Но в обществе всегда есть люди, жаждущие легкой наживы. Отсюда и возникает тема зла в творчестве. Есть заблуждение, что существует творчество от Бога и творчество от дьявола. В литературе описаны случаи, когда человек для расширения своих возможностей осуществлял сделку с дьяволом. Но это лишь желание получить определенный результат, причем самым легким путем. А раз это легкий путь, то зачем же нужно преодолевать какие-то сложности? На самом деле этот путь не может дать человеку ни творчества, ни свободы. Это связано с тем, что всякое зло, по мнению Бердяева, есть прикованность к этому миру и его страстям, поэтому «диавол не силен творить, и не творческое все, что от него», истинное же творчество всегда есть выход из тьмы, оно не дается легко. Зло же в этом случае рассматривается как испытание свободы. Только Бог может дать человеку свободную творческую мощь.

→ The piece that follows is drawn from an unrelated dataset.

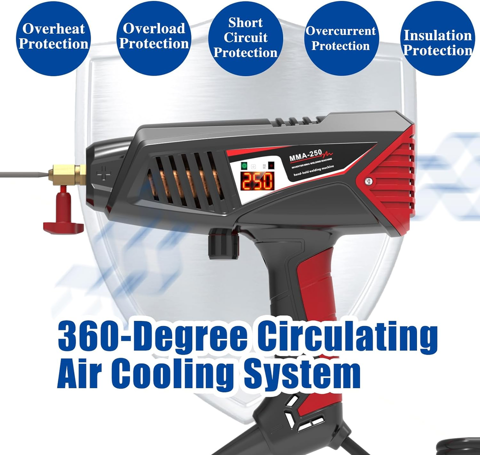 ?20-250A Wide Adjustable Current Range? The welder machine 110V is equipped with the advanced IGBT inverter technology, utilizing Pulse Width Modulation (PWM) control and high-frequency switching to precisely shape the output waveform. The current rotary switch, easily operated with one hand, allows seamless adjustment within the 20-250A wide current range, and it features a digital display screen, enabling precise control of output current and voltage. This contributes to improving welding quality, reducing impurities and defects, catering to the demands of various welding tasks.

Я специально добавил в конце фрагмента еще один абзац. В нем содержатся важные выводы по теме всей главы. В нем говорится: «Бог ждет от человека высшей свободы, свободы восьмого дня творения». Но что же это за день? Восьмой день творения по Бердяеву – это продолжающийся процесс творения мира. Но в качестве творца теперь выступает уже человек. Творчество человека, конечно, не равно творчеству Бога, но подобно ему. Человек сам познает и творит окружающую действительность. Это очень важно, ведь таким образом он выступает посредником между Богом и природой.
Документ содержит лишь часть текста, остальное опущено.